_Task to complete_. Word for word, reproduce all entries below, leaving every picture out.
** Opening Available records block **
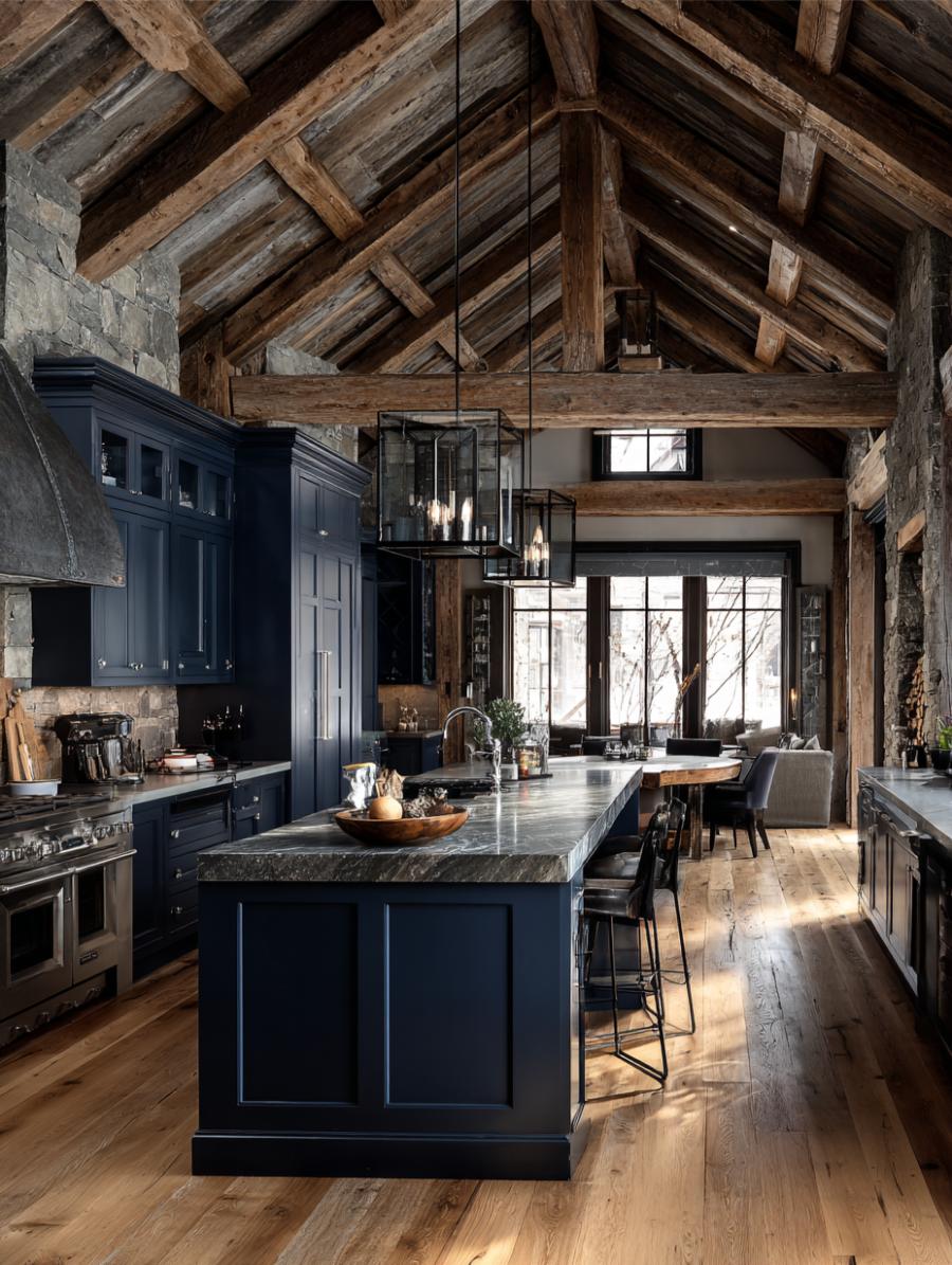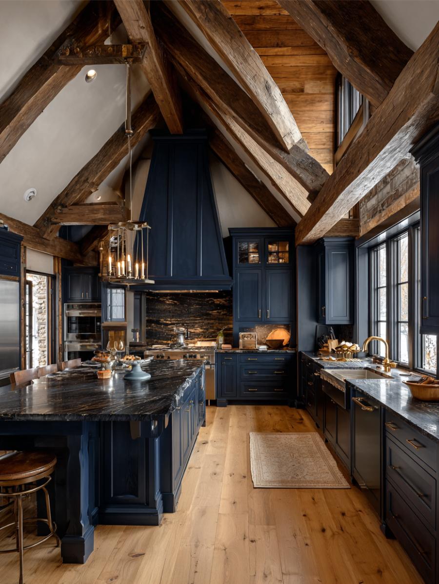 This stunning kitchen masterfully blends rich navy blue cabinetry with dramatic exposed wooden ceiling beams and natural stone accents, creating a perfect marriage of rustic charm and refined elegance. The deep blue island and perimeter cabinets are beautifully contrasted by dark granite countertops and warm honey-toned hardwood flooring, while industrial-style pendant lights add a contemporary edge. The soaring vaulted ceiling with its weathered wood beams draws the eye upward, emphasizing the grand scale and creating an inviting yet sophisticated atmosphere that feels both cozy and luxurious.
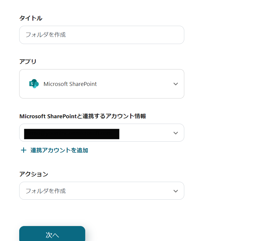 7)アクションは「フォルダを作成」を選択して、「次へ」をクリックします。
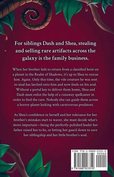 If the horror planet they're trapped on doesn't kill them first, their sibling rivalry just might . . . For siblings Dash and Shea, stealing and selling rare artifacts across the galaxy is the family business. When her brother fails to return from a classified heist on a planet in the Realm of Shadows, it's up to Shea to rescue him. Again. Only this time, the vile creature he was sent to steal has latched onto him and now feeds on his soul. Without a portal key to deliver them home, Shea and Dash must enlist the help of a runaway spellcaster in order to find the cure. Nobody else can guide them across a horror planet lurking with carnivorous predators. As Shea's confidence in herself and her tolerance for her brother's mistakes start to waver, she must decide what's more important-being the perfectly-polished leader her father raised her to be, or letting her guard down to save her siblingship and her little brother's soul.
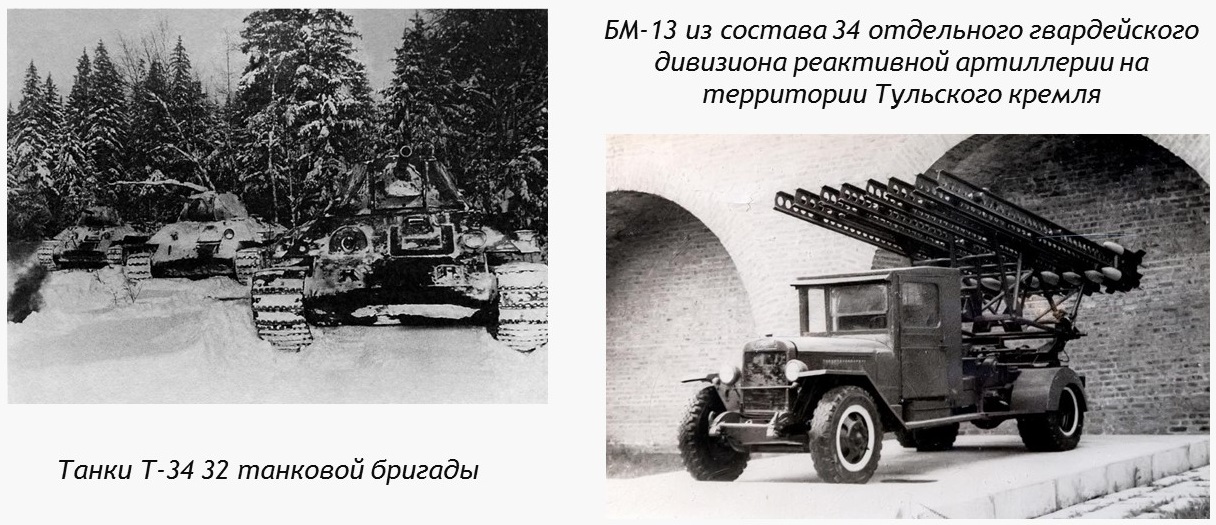 Вечером 30 октября в Тулу прибыла 32-я танковая бригада полковника И.И. Ющука, а еще спустя несколько часов — 34-й отдельный гвардейский дивизион реактивной артиллерии капитана П.И. Кравченко. 31 октября в город вошли также остатки вырвавшихся из окружения 154-й стрелковой дивизии генерал-майора Я.С, Фоканова, 217-й стрелковой дивизии полковника В.П. Шлегеля и 36-й отдельный батальон охраны штаба армии НКО СССР старшего лейтенанта М.Е. Левина.
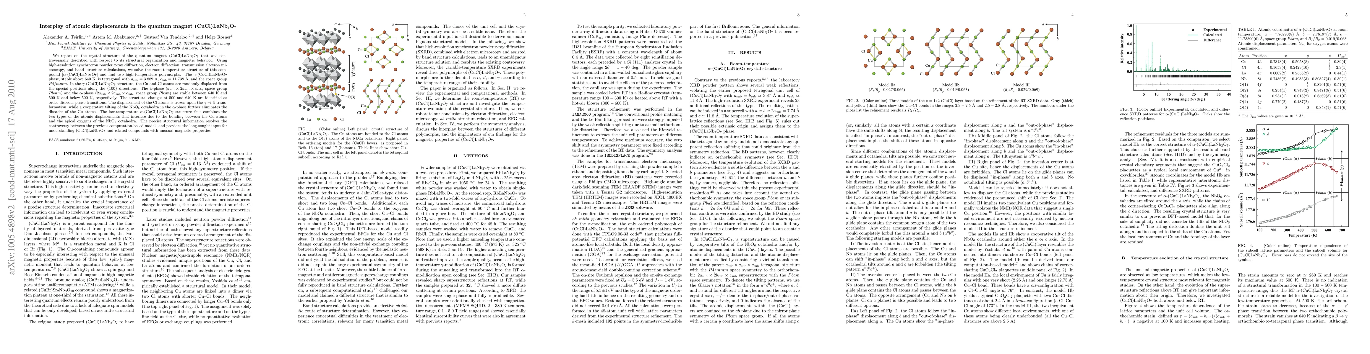 We report on the crystal structure of the quantum magnet (CuCl)LaNb2O7 that was controversially described with respect to its structural organization and magnetic behavior. Using high-resolution synchrotron powder x-ray diffraction, electron diffraction, transmission electron microscopy, and band structure calculations, we solve the room-temperature structure of this compound [alpha-(CuCl)LaNb2O7] and find two high-temperature polymorphs. The gamma-(CuCl)LaNb2O7 phase, stable above 640K, is tetragonal with a(sub) = 3.889 A, c(sub) = 11.738 A, and the space group P4/mmm. In the gamma-(CuCl)LaNb2O7 structure, the Cu and Cl atoms are randomly displaced from the special positions along the {100} directions. The beta-phase [a(sub) x 2a(sub) x c(sub), space group Pbmm] and the alpha-phase [2a(sub) x 2a(sub) x c(sub), space group Pbam] are stable between 640 K and 500 K and below 500 K, respectively. The structural changes at 500 K and 640 K are identified as order-disorder phase transitions. The displacement of the Cl atoms is frozen upon the gamma --> beta transformation, while a cooperative tilting of the NbO6 octahedra in the alpha-phase further eliminates the disorder of the Cu atoms. The low-temperature alpha-(CuCl)LaNb2O7 structure thus combines the two types of the atomic displacements that interfere due to the bonding between the Cu atoms and the apical oxygens of the NbO6 octahedra. The precise structural information resolves the controversy between the previous computation-based models and provides the long-sought input for understanding the magnetic properties of (CuCl)LaNb2O7.
** Closing Available records block **
_Reply_.
 This stunning kitchen masterfully blends rich navy blue cabinetry with dramatic exposed wooden ceiling beams and natural stone accents, creating a perfect marriage of rustic charm and refined elegance. The deep blue island and perimeter cabinets are beautifully contrasted by dark granite countertops and warm honey-toned hardwood flooring, while industrial-style pendant lights add a contemporary edge. The soaring vaulted ceiling with its weathered wood beams draws the eye upward, emphasizing the grand scale and creating an inviting yet sophisticated atmosphere that feels both cozy and luxurious.
 7)アクションは「フォルダを作成」を選択して、「次へ」をクリックします。
 If the horror planet they're trapped on doesn't kill them first, their sibling rivalry just might . . . For siblings Dash and Shea, stealing and selling rare artifacts across the galaxy is the family business. When her brother fails to return from a classified heist on a planet in the Realm of Shadows, it's up to Shea to rescue him. Again. Only this time, the vile creature he was sent to steal has latched onto him and now feeds on his soul. Without a portal key to deliver them home, Shea and Dash must enlist the help of a runaway spellcaster in order to find the cure. Nobody else can guide them across a horror planet lurking with carnivorous predators. As Shea's confidence in herself and her tolerance for her brother's mistakes start to waver, she must decide what's more important-being the perfectly-polished leader her father raised her to be, or letting her guard down to save her siblingship and her little brother's soul.
 Вечером 30 октября в Тулу прибыла 32-я танковая бригада полковника И.И. Ющука, а еще спустя несколько часов — 34-й отдельный гвардейский дивизион реактивной артиллерии капитана П.И. Кравченко. 31 октября в город вошли также остатки вырвавшихся из окружения 154-й стрелковой дивизии генерал-майора Я.С, Фоканова, 217-й стрелковой дивизии полковника В.П. Шлегеля и 36-й отдельный батальон охраны штаба армии НКО СССР старшего лейтенанта М.Е. Левина.
 We report on the crystal structure of the quantum magnet (CuCl)LaNb2O7 that was controversially described with respect to its structural organization and magnetic behavior. Using high-resolution synchrotron powder x-ray diffraction, electron diffraction, transmission electron microscopy, and band structure calculations, we solve the room-temperature structure of this compound [alpha-(CuCl)LaNb2O7] and find two high-temperature polymorphs. The gamma-(CuCl)LaNb2O7 phase, stable above 640K, is tetragonal with a(sub) = 3.889 A, c(sub) = 11.738 A, and the space group P4/mmm. In the gamma-(CuCl)LaNb2O7 structure, the Cu and Cl atoms are randomly displaced from the special positions along the {100} directions. The beta-phase [a(sub) x 2a(sub) x c(sub), space group Pbmm] and the alpha-phase [2a(sub) x 2a(sub) x c(sub), space group Pbam] are stable between 640 K and 500 K and below 500 K, respectively. The structural changes at 500 K and 640 K are identified as order-disorder phase transitions. The displacement of the Cl atoms is frozen upon the gamma --> beta transformation, while a cooperative tilting of the NbO6 octahedra in the alpha-phase further eliminates the disorder of the Cu atoms. The low-temperature alpha-(CuCl)LaNb2O7 structure thus combines the two types of the atomic displacements that interfere due to the bonding between the Cu atoms and the apical oxygens of the NbO6 octahedra. The precise structural information resolves the controversy between the previous computation-based models and provides the long-sought input for understanding the magnetic properties of (CuCl)LaNb2O7.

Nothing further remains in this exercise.